The microbial oxidation of pharmaceuticals in an anaerobic aqueous environment: Effect of dissolved organic matter fractions from different sources.

Previous studies have demonstrated the importance of dissolved organic matter (DOM) on the biodegradation of trace organic contaminants occurred in the hyporheic zone. However, the role of diverse DOM fractions with distinct physicochemical properties on the biodegradation of pharmaceuticals under reducing conditions is scarcely known. To address this knowledge gap, DOMs derived from road-deposited sediment, soil, and active sludge (namely allochthonous DOM) and algae (namely autochthonous DOM) were collected and isolated into different fractions.

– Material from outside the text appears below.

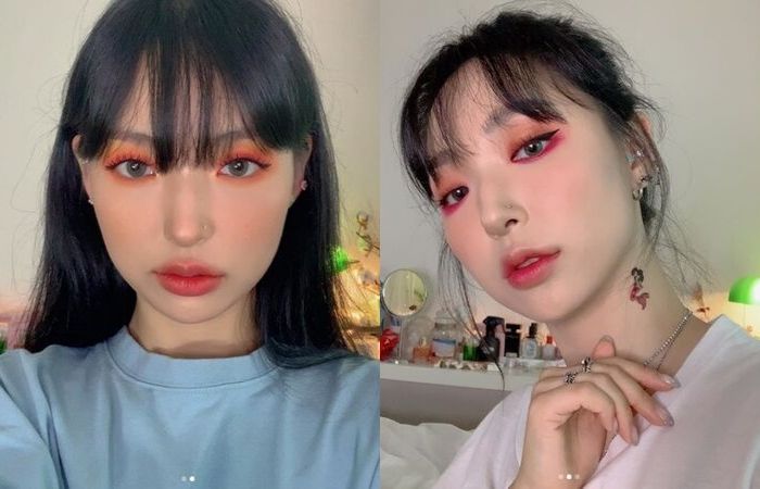 有「单眼皮女孩救世主」之称的韩国女生 Sobong将单眼皮眼睛作为最美的画布,以拉长及上勾的黑眼线为基础,不论是大地色的轮廓眼妆,或是萤光色的鲜艳眼妆,一律轻松驾驭,成为最好的单眼皮模范。

Thereafter, the effect of DOM fractions on the anaerobic microbial oxidation of two typical pharmaceuticals, i.e., ritonavir (RTV) and tetracycline (TC) was explored by using simulated anaerobic microcosms. Mechanistic insights into how DOM fractions from different sources influence pharmaceutical biodegradation processes were provided by optical and electrochemical analyses. Results showed that humic acid and fulvic acid fractions from allochthonous DOM could enhance the biodegradation of TC (12.2 % per mgC/L) and RTV (14.5 % per mgC/L), while no significant impact was observed for that of hydrophilic fractions. However, autochthonous DOM promoted the biodegradation of TC (4.17 % per mgC/L) and inhibited that of RTV. Mechanistic analysis showed that the higher of humification and aromatization level of DOM components, the stronger their promotive effect on the biodegradation of TC and RTV. Further, the promotive mechanism could be attributed to the response of quinone moieties in DOM as extracellular electron acceptors that yields more energy to support microbial metabolism. These results provide a more comprehensive understanding of diverse DOM fractions mediating microbial anaerobic oxidation of trace organic pollutants, and extend our insights into contamination control and remediation technologies.